Teaching the Hungry to Fish
Many good people in America are
willing to share what they have with others who are less fortunate
than they. A very large number of nonprofits work to make life
easier for persons in Africa and Asia as well as in South America.
Others are trying to help out undocumented immigrants in the US whose
persecution is even more violent today than under the previous
president. There are many projects to save children—often children
of color or Native American-- that are at risk of ending up as
addicts or as prisoners.
The many millions of people who
support these different nonprofits, often challenging and ingenious
projects, deserve great praise for their dedication to the well-being
of everyone on this globe.
It is a favorite cliché among
members and supporters of nonprofits that it is better to teach
people how to fish than to give them fish to eat. The handy sayings
suggests that rather than giving suffering people direct support, we
should enable them to improve their own situation by overcoming the
causes of their suffering. But they must know them if they are to
remove the causes of their suffering,. (They often do.) And so must
we if we are going to help them.
While talk about teaching people how
to fish is popular, few people who are generous in their support of
people suffering around the globe are interested in the causes of
that suffering. The reason for that is clear. The United States, as
the most powerful country in the world, is involved in the condition
of almost all people in the world and frequently contributes to their
misery.
Recent newspaper stories report
hundreds of Libyans drowning in their panicked flight from their
country. A few years ago they were ruled by a bloodthirsty dictator.
We decided to unseat him with a harsh bombing campaign. Now they have
several governments; parts of the country are controlled but not
really governed by militias.
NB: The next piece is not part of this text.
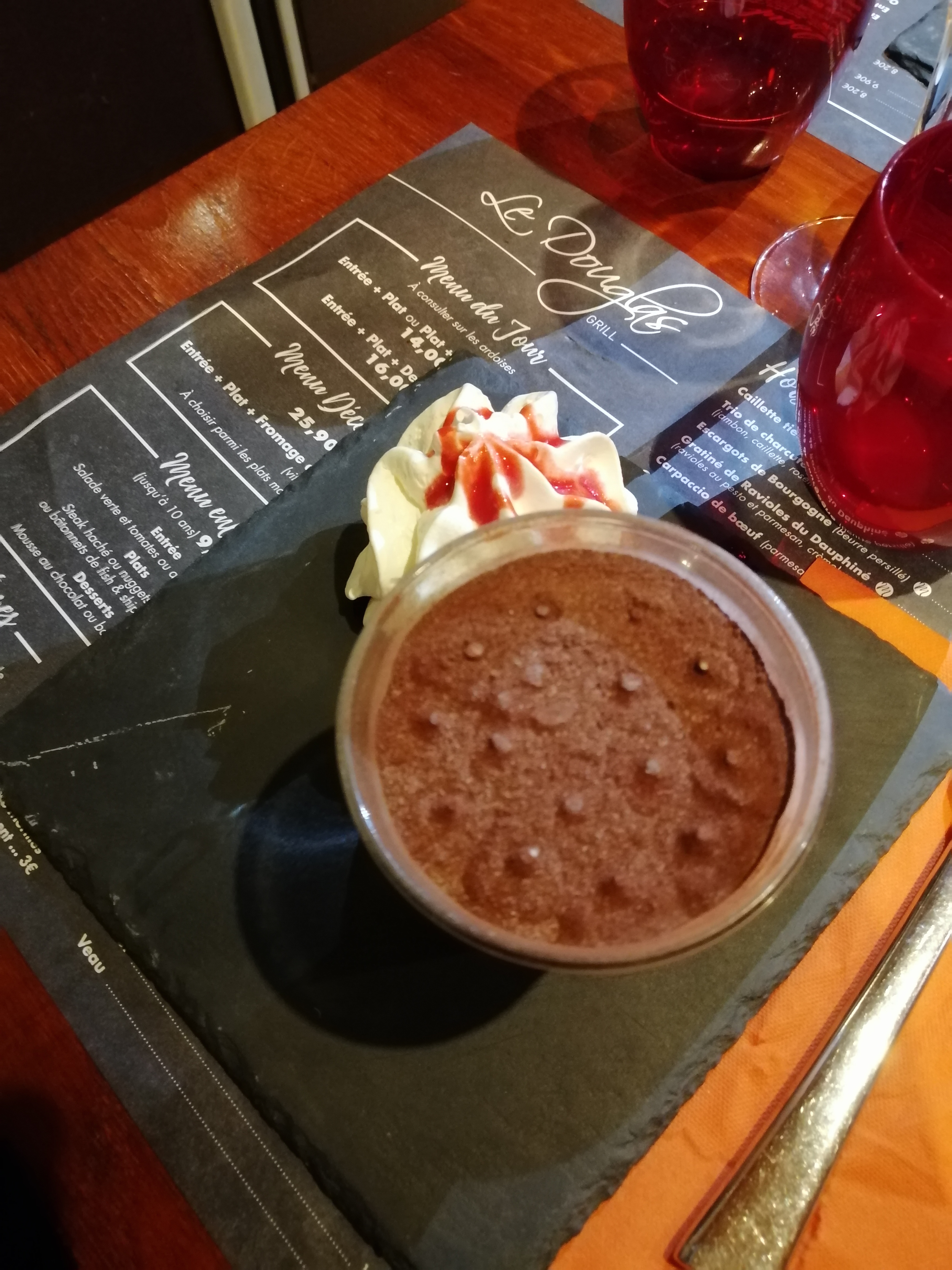 Le Douglas c’est degoulasse ! Dessert soit disant pas glacé mais en réalité il est congelé ! Si vous voulez manger aller au macdo c’est beaucoup mieux conseille d’amie c’est moins cher et tu sais au moins se que tu manges ! Cordialement a bon entendeur. En plus pour manger végétarien faut rajouter 1€ FADA ceci dit les végétariens en s’en fou mai bon 1€ + 1€ ça va vite avec les temps qui court.

The standard of living is deplorable.
The number of civilians killed is rising. The flights and the
drownings are in part the result of our intervening in their country.
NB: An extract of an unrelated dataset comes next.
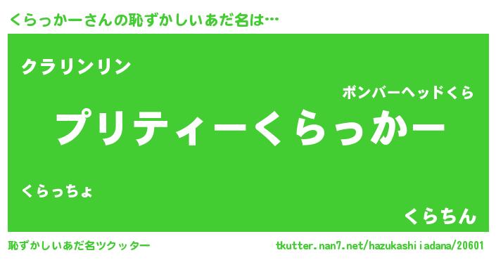| 胡散臭い通販商品みたいなあだ名 | 『億万長者になれる霊験あらたかなお札…その名も「くらっかー」』 |

The United States is complicit in the misery of Libya.
The same is true in Syria where we
have meddled in situations we did not understand. We have supported
different oppositional groups, not having learned our lesson in Libya
that overthrowing a bloodthirsty dictator rarely improves the lives
of the people. We have contributed to an unbelievably destructive
Civil War and to the hundreds of thousands of refugees all over
Europe. We had taken in about 10,000 of those by the time Pres. Trump
closed our borders to all of them. He does not understand about
complicity or taking responsibility.
Our government has always believed
that one of its major foreign policy objectives should be to ease the
entry of American corporations into foreign countries. For instance
through the North American Free Trade Agreement (NAFTA) we have
opened Mexico to importation of American corn, subsidized by the US
government, and produced on huge farms more cheaply than Mexican
farmers could produce their corn. We put small Mexican farmers out of
business and they moved to the city where life was really harsh. They
came to the US, undocumented, to earn some money for their families.
Our government accuses them of
breaking our immigration laws and sends them back. They don’t ask
why these immigrants are trying to find their way through the hot
desert, leaving their families behind. Why would anybody do that?
Washington has always supported big
business, right-wing interests and authoritarian governments in Latin
America. For the common people there was no hope and so they joined
the long, hard and dangerous road to North America only to find as
did many previous generations of immigrants that our streets are not
paved with gold. (They only have a lot of potholes.)
Many children in communities of
color exist under very difficult conditions. We tend to blame the
black family structure or other mythologies. We – white people –
do not look at ourselves in the mirror and see the people who keep
perpetuating racial injustice and oppression and who are therefore
complicit in the hard lives of many children. In similar ways
we—white people-- are responsible for the problems of children in
Native American families.
We cannot remove the causes of
misery around the world and in our own cities and rural areas without
taking responsibility for the damage we do to people in many
different places and working hard to end our destructive policies.
Giving aid, being generous in giving fish to hungry people is not
good enough. We need to be aware of the damage we have done for
centuries, are still doing and stop doing it.